Most of us must run our test nightly. I have personnaly several machines running on Win 10 Pro, and updated to last version (1909).

My tests are very common in the way that they simulate keystrokes and mouse clicks on an accounting program.

An annoying thing is that I have a process, CTF Loader (ctfmon.exe) that takes more and more size all along the nights and reaches up to 1,5Gb (!!!) in memory, leading the machine to crash due of lack of memory.

The only solution for me is to kill periodicaly this process or reboot the machines.

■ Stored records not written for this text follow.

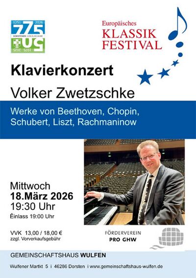 Mi 18.3. 19.30 Uhr, Klavierkonzert: Volker Zwetschke. Vorverkauf im GHW. (Veranstalter ProGHW) Der in Recklinghausen geborene Pianist Volker Zwetzschke gastiert anlässlich des „Stadtjubiläums – 50 Jahre kommunale Neuordnung“ im Gemeinschaftshaus Wulfen, wo er klassisch-romantische Werke von Beethoven, Chopin, Liszt, Alkan und Rachmaninow interpretieren wird.
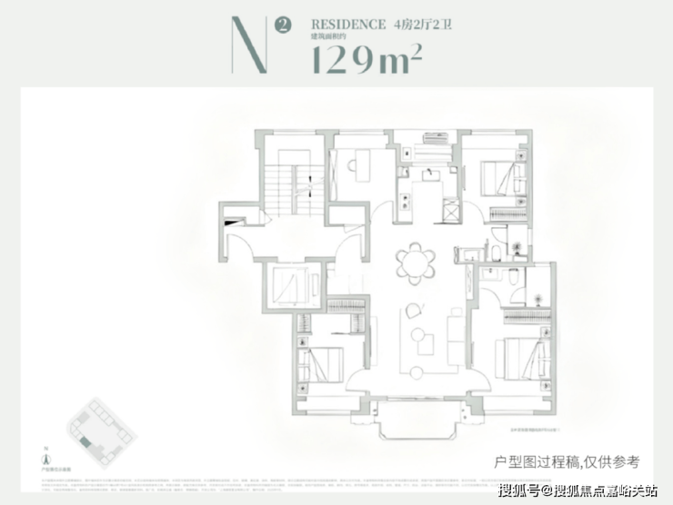 经典的四叶草布局,四开间分布在四角 ,兼顾私密与互动,是二胎家庭的优选。
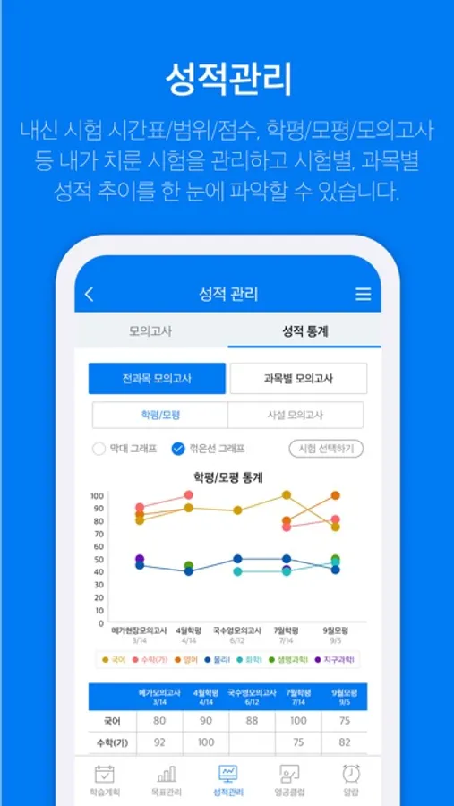 메가스터디 채점서비스와 연동되어 시험별/과목별 성적 흐름을 확인할 수 있으며,
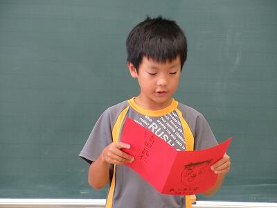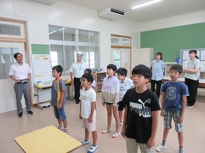 まず、児童代表で3年生男児が1学期に頑張った理科や水泳のことを立派に発表しました。
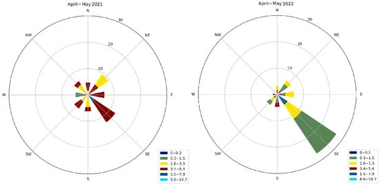 Wind Speed and Direction Comparison between April–May 2021 and April–May 2022.

if I try to disable Touch Keyboard and Handwriting Panel Service, the same problem still occurs in another process name : Host Process for Windows Tasks, which still runs MsCTFMonitor.

Any hint please ?

Thank you,

10 REPLIES 10
Marsha_R
Champion Level 3

I googled "ctf loader high memory usage" and saw many articles about disabling it.  You'll need to see which one works best for you.

tristaanogre
Esteemed Contributor

Are you actually automating something against CTFMON.EXE?  If not, you could exclude it.  Go to Tools -> Current Project Properties -> Open Applications -> Process Filter.  By default, I believe it's set to "ignore selected processes".  Add CTFMON.EXE to the list and see if that helps.


Robert Martin
[Hall of Fame]
Please consider giving a Kudo if I write good stuff
----

Why automate?  I do automated testing because there's only so much a human being can do and remain healthy.  Sleep is a requirement.  So, while people sleep, automation that I create does what I've described above in order to make sure that nothing gets past the final defense of the testing group.
I love good food, good books, good friends, and good fun.

Mysterious Gremlin Master
Vegas Thrill Rider
Extensions available

Thanks for answering guys,

Robert it seems to be the "MsCtfMonitor.dll" the culprit, could I disable its usage by the same way (should I enter its name in the process filter) please ?

Thanks,

tristaanogre
Esteemed Contributor

Process filter has to do with processes that show up in Windows.  Basically, if you go to Task manager and look at the list of processes, whatever process name shows there, that's how you filter the process.  So, my guess is that CTFMon is calling the DLL... so, to exclude the DLL, you need to filter out CTFMonitor


Robert Martin
[Hall of Fame]
Please consider giving a Kudo if I write good stuff
----

Why automate?  I do automated testing because there's only so much a human being can do and remain healthy.  Sleep is a requirement.  So, while people sleep, automation that I create does what I've described above in order to make sure that nothing gets past the final defense of the testing group.
I love good food, good books, good friends, and good fun.

Mysterious Gremlin Master
Vegas Thrill Rider
Extensions available

Hum, that's what I thought too but I still have in the Process Explorer that MS provides this dll that gets bigger and bigger...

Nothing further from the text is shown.